Thursday, March 22, 2007

AjaxWorld 2007 Day Three (Afternoon)

JSON: Making the "X" in Ajax Superfluous:
The afternoon was off to a good start with Douglas Crockford presenting on JSON. Not much new ground was covered...In a nutshell, JSON is a better way to transfer data than XML. JSON is especially easy to use if you know that the client will be a browser (like it is with Ajax). Since JSON is a subset of JavaScript, the JavaScript engine processes JSON very easily because it is JavaScript.

Some random items mentioned beyond the obvious JSON topics...
  • YAML is a superset of JSON. A YAML decoder is a JSON decoder. And YAML has validators. So if you wanted a JSON validator, a YAML validator would work.
  • Using eval to process JSON text can open security holds. If thats a concern, use a JSON-only parser like string.parseJSON.
  • Crockford was against remote scripting....calling it the "script-tag hack". The problem is that there is no way to vet the script before it executes. The server generating the scripting must be absolutely trusted...this is not always possible in Mashup scenarios.
  • Security Comment - If there is script from 2 or more sources, then the app is not secure.
  • Proposed EcmaScript 4th edition enhancements include new commands available at json.org now.
Here's an application of the supplant function (from the json.org site):

var template = '<table border="{border}"><tr><th>Last</th><td>{last}</td></tr>' +
'<tr><th>First</th><td>{first}</td></tr></table>';


Notice that we have an HTML template with three variables in it. Then
we'll obtain a JSON object containing members that match the variables.


var data = {
"first": "Carl",
"last": "Hollywood",
"border": 2
};

We can then use a supplant method to fill in the template
with the data.


mydiv.innerHTML = template.supplant(data);


Nice! These upcoming EcmaScript enhancements can be used now by importing the small JavaScript functions from json.org.
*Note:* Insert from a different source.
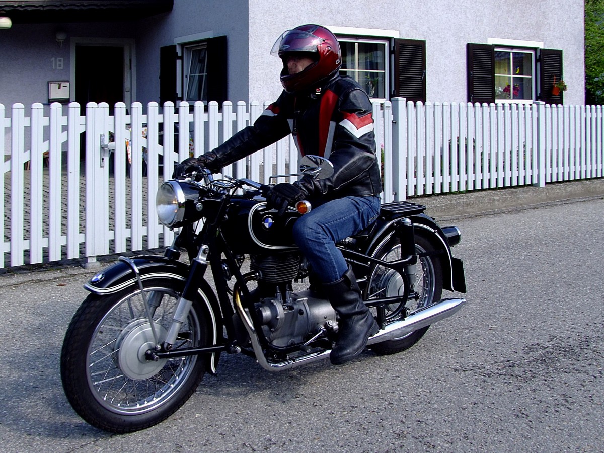BMW R32. Die R32 war das erste Motorradmodell der Marke BMW und wurde im Oktober 1923 vorgestellt. Bis zur Ablösung des Modelles durch die R42 verkaufte BMW circa 3900 Motorräder dieses Typs. Das gezeigte Motorrad wurde 1925 gebaut. In diesem Jahr kostete ein solches Motorrad nackt ( also ohne das aufpreispflichtige Zubehör wie Beleuchtungsanlage, Tachometer und Soziussitz) genau RM 2200,00. Der fahrtwindgekühlte Zweizylinderboxermotor hat einen Hubraum von 494 cm³ und leistet rund 8,5 PS. Angeblich konnten rund 100 km/h an Höchstgeschwindigkeit erreicht werden. Techno Classica Essen am 10.04.2025.

In the 2:40pm timeslot, I was looking forward to seeing Clueful 2.0, but it was cancelled. Then I rushed to view "So You Wanna Be a DOM Star" from Molly Holzschlag, but it was cancelled. So my third choice was "Performance-Tune Your Ajax application". This session contained some useful information, but nothing ground-breaking on the topic.

And that ended AjaxWorld for me. There was another vendor presentation followed by 2 more sessions which continued to 7pm....but due to flight schedules, I had to miss those. If I could've stayed longer I would've loved to have seen the following topics...now I will have to wait until I receive the AjaxWorld presentations on DVD.

Ajax-Enable Your Java Application with DWR -- I love DWR!